I am using the snippet below currently and it works well except for users in the Protected Users group. Does anyone have a good way to check on protected users?
I am thinking of trying to send a NOOP command like Invoke-Command -Credential <credObject> -ComputerName <someDC> -ScriptBlock {Get-ChildItem} in a try/catch but that takes finding a DC then sending out the command and seems sloppy.
Don’t know. It’s likely expected behavior though. We’d have to know how that method works under the hood. c# - PrincipalContext.ValidateCredentials always returns FALSE - Stack Overflow may have some hints as there’s a response that does have details on how it works supposedly. Cross that with docs on protected users you might be able to find out why.
Is this for some application you’re building or what exactly? Perhaps there are other alternatives for validating creds.
Yes, I was talking about the AD group, yes it sucks. It is mandatory for our DC Admin accounts.

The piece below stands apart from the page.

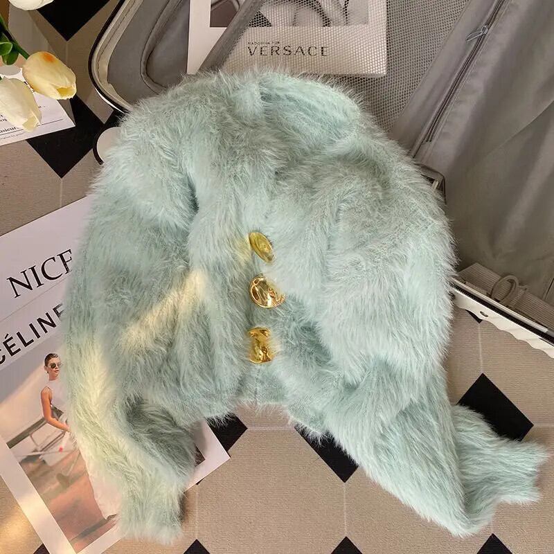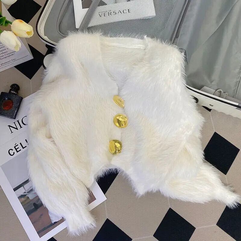 秋冬 V ネックニットミンクフリースコートトップ多用途ゴールドボタンルーズカーディガンセーター オータム 秋物 ウィンター 冬物 Vネック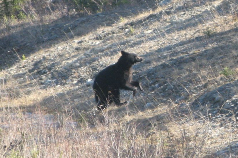 Early in the day we came across a family of black bears on the side of the road having breakfast on the rubbish thrown by careless motorists.

Thank you dotnVo for the link, it was helpful in learning a little more on what the code is doing but after looking at it and reading more on the restrictions on the protected users group I don’t see it working.
“what exactly” I am building, rather upgrading, a tool for our administrators to do routine tasks a little faster and uniformly. When opening the script they are prompted to enter any credentials they would need for the tasks they are doing in the moment. Before the credentials are used I would like to check them as it is common to have many invoke-command s going out. A miss typed password would instantly lock the account.
I ended up making a sloppy work around with Invoke-Command -Credential <credObject> -ComputerName <someDC> -ScriptBlock {Get-ChildItem} in a try/catch block. It just feels bad, I might just tell the domain admins they don’t get to check the password before running the script.